Stella & Dot, a San Francisco-based direct-sales jewelry and accessories company started in 2007 today has more than 20,000 sales reps. Origami Owl, founded in Arizona in 2010, sells jewelry through a network of some 60,000 sales reps.
But incentives to recruit other sales reps—a staple of larger players in the direct-sales market, such as Herbalife HLF +1.40% —can raise red flags among critics of the model, also known as multilevel marketing.
It all depends on the incentives in the compensation plans, says Douglas Brooks, a Boston, Mass., lawyer who has represented dozens of sales reps in lawsuits against direct sellers. Many of the plaintiffs built up inventories of unsold products trying to qualify for a recruiting bonus tied to sales—what Mr. Brooks and others liken to a pyramid scheme of endless recruiting: If you make people buy a certain level of inventory to qualify as a recruiter, you're creating an artificial demand for the products, he says.
In a white paper released in March, Mr. Brooks, along with two co-authors, estimates that up to 99% of sales reps of large multilevel marketers lose money, while the top 1% earn an average income of about $128,000.
Chantel Waterbury, the founder of Chloe & Isabel, a New York-based direct-sales jewelry company launched in 2011, said her company doesn't offer a bonus or commission for recruiting new sales reps. Her roughly 4,500 U.S. sales reps—with a median age of 26—can earn anywhere from $50 to $400 in an hour during sales events on cash commissions ranging from 25% to 40%. Chloe & Isabel backers include venture capitalists such as General Catalyst Partners and First Round Capital.
A former Hollywood producer, Willagirl founder Mrs. Prunier says she was inspired to launch the brand six years ago by her daughter, Willa Doss. Then 8 years old, Ms. Doss complained about having to use her baby sitter's skin-care products, because there were no lotions in the marketplace for girls her own age.

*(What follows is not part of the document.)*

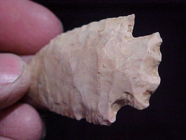Out of Massac County in the 'toe' of Illinois, Ohio River area--three deliberate notches on the basal edge, almost a serration, but was that to keep the knife point steady in it's handle, or did the notching accomplish some other purpose. If there was basal edge grinding to start with it was cut away with the notches--you can feel grinding on the sides of the stem. The Early Archaic Hardin shows excellent pressure knapping, measures 2&5/16" by 1&1/4"--5/16" max thickness. Made of a good quality local flint, good gloss and patina. Real, period. Shipping is $8.00, checks or M.O.s welcomed, but please note I do not use paypal-type services--Roy A.
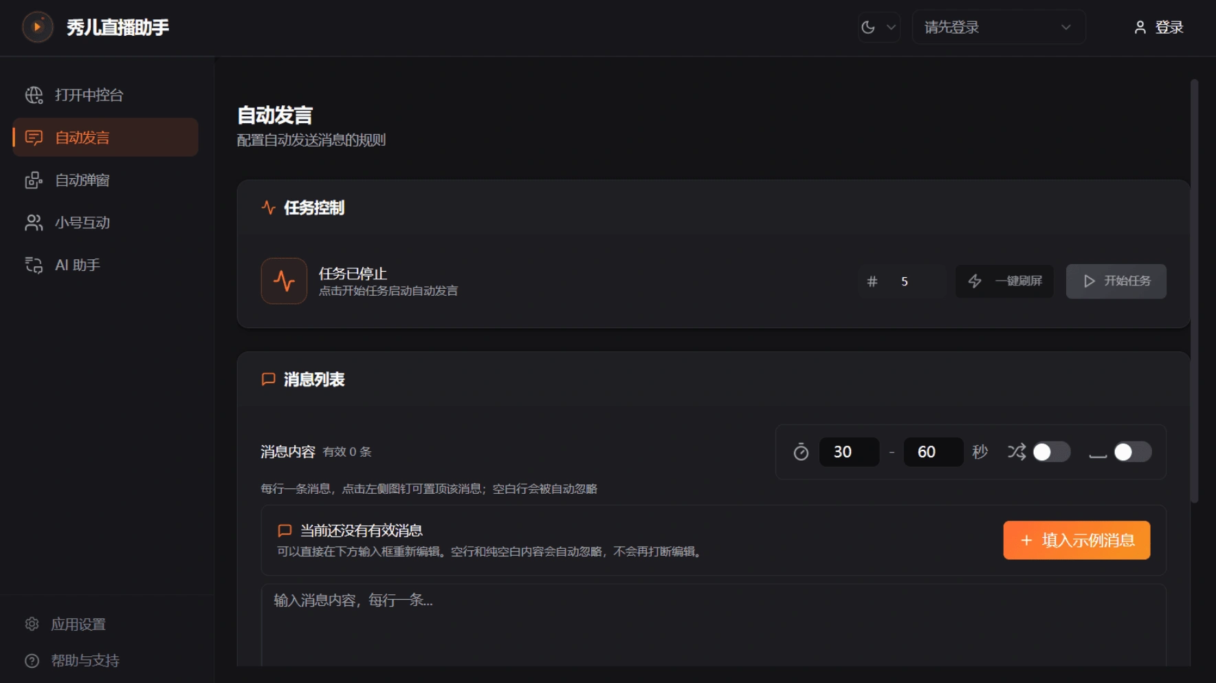 - AI 自动回复实时监听:捕捉直播间评论互动,自动生成回复内容

Mrs. Prunier says Willagirl's sales reps don't buy their own inventory in advance. Instead, they take orders from customers, which the company fulfills itself, as orders come in. They're never sitting on products, she says. It's not work. It's what these girls like to do and their moms are thrilled that they're saving money and developing important skills.
They do, however, earn money by recruiting other sellers.
On top of her own sales, Hartley Messer has recruited seven other Willagirls, earning an additional 5% of each of their sales as well, under the company compensation agreement.
She's recruited a team of girls and loves to coach them with sales tactics—she paces back and forth on her cellphone talking to them, says her mother, Neile Messer.
Hartley Messer, one of Willagirl's top sellers, says she has hosted four Willagirls parties since February, earning roughly $1,000 to date. Under a pact with her parents, who put up about $199 for an initial sales kit, half of her earnings go into a college fund, according to her mother. Nearly all the rest is spent on clothes, Hartley says.
By the end of the party, Hartley had collected about a dozen orders for a range of products. Most were filled out by the girls themselves, but paid for by their parents' credit cards. She also recruited at least one new Willagirl ? her 13-year-old neighbor, who tried out the face mask and filled out an order form for roughly $60 of face cream, sunscreen, body lotion and lavender face towels.
My friend bought me one of the bags and I really liked it, said Olivia Wise, the new recruit.